Technology PRs behave as though technology promises "huge productivity gains", "massive increases in efficiency", and "ramped-up customer service", and yet the same PRs occasionally admit (off the record) they haven't seen, let alone used, their clients' products.
Industry analyst Gartner says today's CIOs must create business results without upfront investments. Is that because the board no longer trusts IT with shareholders' money? So didn't all those late-20th century projects really come in "ahead of time and under budget"?
Five years on from the hype zenith, it's time to subject enterprise technology to dispassionate scrutiny.
The New Zealand CIO community is hard-nosed, sardonic and wise to the vendors; the perfect people to ask whether IT has lost its shine.
We also cornered a consultant, a CEO and some vendors to get the oil on how CIOs should deal with journalists, analysts and project failures.
Why are technology vendors so enamoured with the word "solution"? I asked one, and that word recurred three times in his 86-word answer without a hint of self-irony. I took my questions elsewhere.
As CIO of Telecom New Zealand, Mark Ratcliffe is in the unusual position of overseeing information management in one of the country's largest organisations, but also of being an IT supplier to other big businesses. He views my disgruntlement from the supplier's perspective: "I think it's because we've educated people that it's better to solve a problem somebody's got, rather than just sell them something. Selling a solution looks like you've got a problem and I'm part of fixing it."
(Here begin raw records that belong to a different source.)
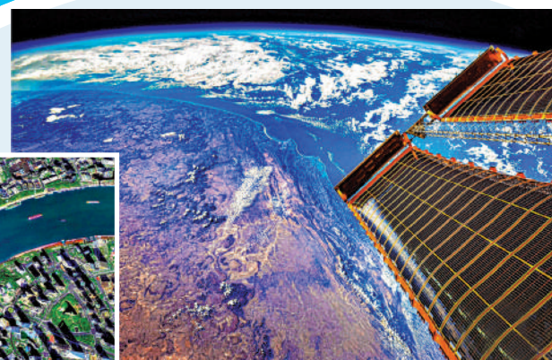
▲◀◻上圖：從太空俯瞰地球的視角照片；左圖：衛星拍攝上海陸家嘴的相片；下圖：宇航員祝福冬奧的合影。

近期，由國家航天局新聞宣傳中心和「我們的太空」創新實踐中心聯合舉辦的「中國航天三十年」攝影藝術展，在北京航天城展出。本文為大家分享的是「太空聚焦篇」，讓我們跟隨攝影師的鏡頭，從太空俯瞰大地，領略藍色星球的獨特魅力，欣賞神州的不同樣貌；在太空艙內環視，感受宇航員的幸福、歡樂，共賞美麗太空。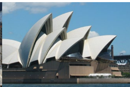
Opéra de Sydney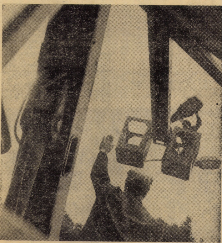
Imagine surprinsă din munca de zi cu zi a lucrătorilor serviciului deranjamente al întreprinderii de rețele electrice Sibiu, în timpul unei intervenții în centrul orașului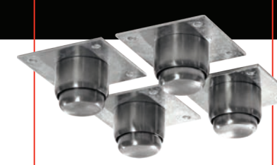
OPCIONAL: Base estructural o Kit de patas tubulares.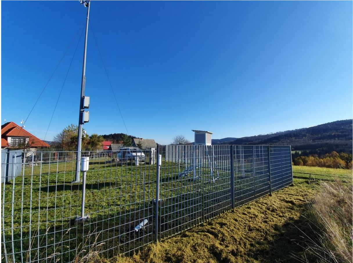
Zdjęcie 4 Stacja klimatologiczna - zdjęcie poglądowe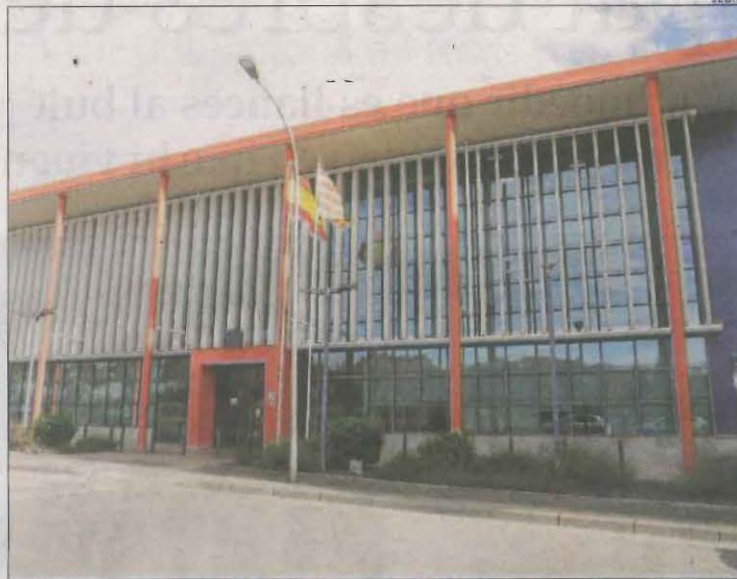
Imatge de la comissaria dels Mossos d'Esquadra.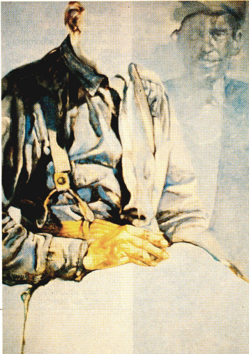
«Paysans No 1», huile sur toile.

Les prospectus peuvent être commandés auprès de la Croix-Rouge suisse, Relations publiques, Rainmattstrasse 10, 3001 Berne.

Aaron Kumove, now managing director of Horizon Consulting, dealt with IT vendors as CIO of New Zealand Post. "Vendors are by definition myopic," he says. "They typically only see their piece of the puzzle. By and large, an IT manager or CIO is at a significant disadvantage when a vendor comes knocking on their door because he has to be a generalist. The vendor has the luxury of only having to know about a very small number of things - the things they happen to be peddling - so, right away, they've got you on the back foot."
Nigel Murphy, former marketing director of Oracle NZ, has been in and out of the IT industry since 1983, when he joined IBM. Murphy is now group manager of public affairs at Auckland University of Technology (AUT). Reflecting on the pressures facing the vendor, he concedes that new technologies are often launched before they're enterprise-ready.
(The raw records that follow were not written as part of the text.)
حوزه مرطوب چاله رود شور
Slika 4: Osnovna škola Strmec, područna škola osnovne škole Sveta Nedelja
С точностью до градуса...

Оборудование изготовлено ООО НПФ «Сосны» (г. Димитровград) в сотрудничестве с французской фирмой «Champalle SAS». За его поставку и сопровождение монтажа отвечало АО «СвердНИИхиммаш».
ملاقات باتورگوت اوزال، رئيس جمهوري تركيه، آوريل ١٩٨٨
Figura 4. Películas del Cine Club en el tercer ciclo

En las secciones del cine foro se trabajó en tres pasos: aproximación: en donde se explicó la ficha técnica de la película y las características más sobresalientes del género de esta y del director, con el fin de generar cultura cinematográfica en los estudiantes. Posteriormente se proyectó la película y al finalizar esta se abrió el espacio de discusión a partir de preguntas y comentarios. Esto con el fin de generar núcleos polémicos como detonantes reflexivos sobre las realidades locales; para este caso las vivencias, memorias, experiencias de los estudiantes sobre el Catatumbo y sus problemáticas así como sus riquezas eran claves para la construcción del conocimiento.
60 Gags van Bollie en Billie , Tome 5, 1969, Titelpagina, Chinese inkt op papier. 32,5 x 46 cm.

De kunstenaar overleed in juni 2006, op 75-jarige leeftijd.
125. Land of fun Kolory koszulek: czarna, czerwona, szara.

"The market imperatives mean when you've developed something new, you want to get it out there before the other guys do. More often than not, there are still a few little wrinkles in there." He is not the only person to recall the concept of the paperless office. "I used to joke that it was about as imminent as the paperless toilet," he says.
Denis Orme is chief executive of IBANZ, the Insurance Brokers Association of New Zealand, and former CEO of Bartercard. "In a lot of areas, they clearly aren't 'solutions'," he says. "It goes back to a decade or so ago, to the talk of 'the paperless office'. 'Enterprise-wide solutions' have typically not been enterprise-wide."
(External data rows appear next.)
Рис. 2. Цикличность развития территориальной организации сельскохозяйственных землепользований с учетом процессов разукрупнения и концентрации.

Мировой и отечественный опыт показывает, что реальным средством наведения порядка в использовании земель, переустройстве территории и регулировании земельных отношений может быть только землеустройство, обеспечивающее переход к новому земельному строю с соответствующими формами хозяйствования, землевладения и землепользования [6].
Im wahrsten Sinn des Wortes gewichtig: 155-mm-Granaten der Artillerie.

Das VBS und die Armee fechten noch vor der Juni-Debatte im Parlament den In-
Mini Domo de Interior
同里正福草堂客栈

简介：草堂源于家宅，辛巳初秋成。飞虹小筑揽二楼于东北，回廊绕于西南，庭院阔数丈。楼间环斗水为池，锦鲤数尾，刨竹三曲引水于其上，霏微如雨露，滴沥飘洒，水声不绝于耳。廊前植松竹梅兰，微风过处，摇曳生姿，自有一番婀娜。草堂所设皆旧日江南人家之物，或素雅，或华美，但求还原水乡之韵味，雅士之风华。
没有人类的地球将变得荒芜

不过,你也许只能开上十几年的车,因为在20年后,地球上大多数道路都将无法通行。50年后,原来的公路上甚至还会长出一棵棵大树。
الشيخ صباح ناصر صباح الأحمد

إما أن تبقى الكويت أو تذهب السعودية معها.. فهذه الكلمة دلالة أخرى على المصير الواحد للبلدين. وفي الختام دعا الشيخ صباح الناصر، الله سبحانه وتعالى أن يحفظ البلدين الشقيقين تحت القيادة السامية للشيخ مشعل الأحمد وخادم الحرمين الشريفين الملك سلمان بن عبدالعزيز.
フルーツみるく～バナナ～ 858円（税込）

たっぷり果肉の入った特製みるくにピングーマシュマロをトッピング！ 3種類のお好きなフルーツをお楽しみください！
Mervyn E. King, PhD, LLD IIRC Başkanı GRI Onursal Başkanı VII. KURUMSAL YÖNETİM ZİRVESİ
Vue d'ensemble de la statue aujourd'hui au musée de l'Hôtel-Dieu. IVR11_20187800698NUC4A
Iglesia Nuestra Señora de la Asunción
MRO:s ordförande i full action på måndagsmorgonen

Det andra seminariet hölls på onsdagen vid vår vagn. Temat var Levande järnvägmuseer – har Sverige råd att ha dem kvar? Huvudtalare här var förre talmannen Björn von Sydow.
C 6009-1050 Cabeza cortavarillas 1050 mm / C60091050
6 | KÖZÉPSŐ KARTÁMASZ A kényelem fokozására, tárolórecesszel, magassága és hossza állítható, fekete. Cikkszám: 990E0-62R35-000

André Snoxall is general manager of HealthIntelligence and CIO of Capital and Coast District Health Board. He says CIOs must remember the vendors' motivation and be hard-nosed about it. "I've lost count of the number of times companies have said they're going to add value to my business, and if I go with them as a sole supplier, they'll add all sorts of value that nobody else can." Snoxall knows changing a vendor's nature is impossible; they're always going to tell you their product's the best. "As a businessman, you've got to treat things with the degree of scepticism they deserve."
"Information technology and the information revolution are relatively young," Marcel van den Assum, out-going Fonterra CIO, reminds us. "There's change in terms of how people operate and perceive things. Information technology, with the emphasis on technology, is just a tool. You can buy a hammer and build a house or smash a window."
In Delivering IT's Contribution: The 2005 CIO Agenda, Gartner says: "CIOs are transforming the IS organisation so it can contribute to business growth and efficiency." But analysts have been saying this for over a decade. Why do so many of the analyst firms seem to spout such platitudes?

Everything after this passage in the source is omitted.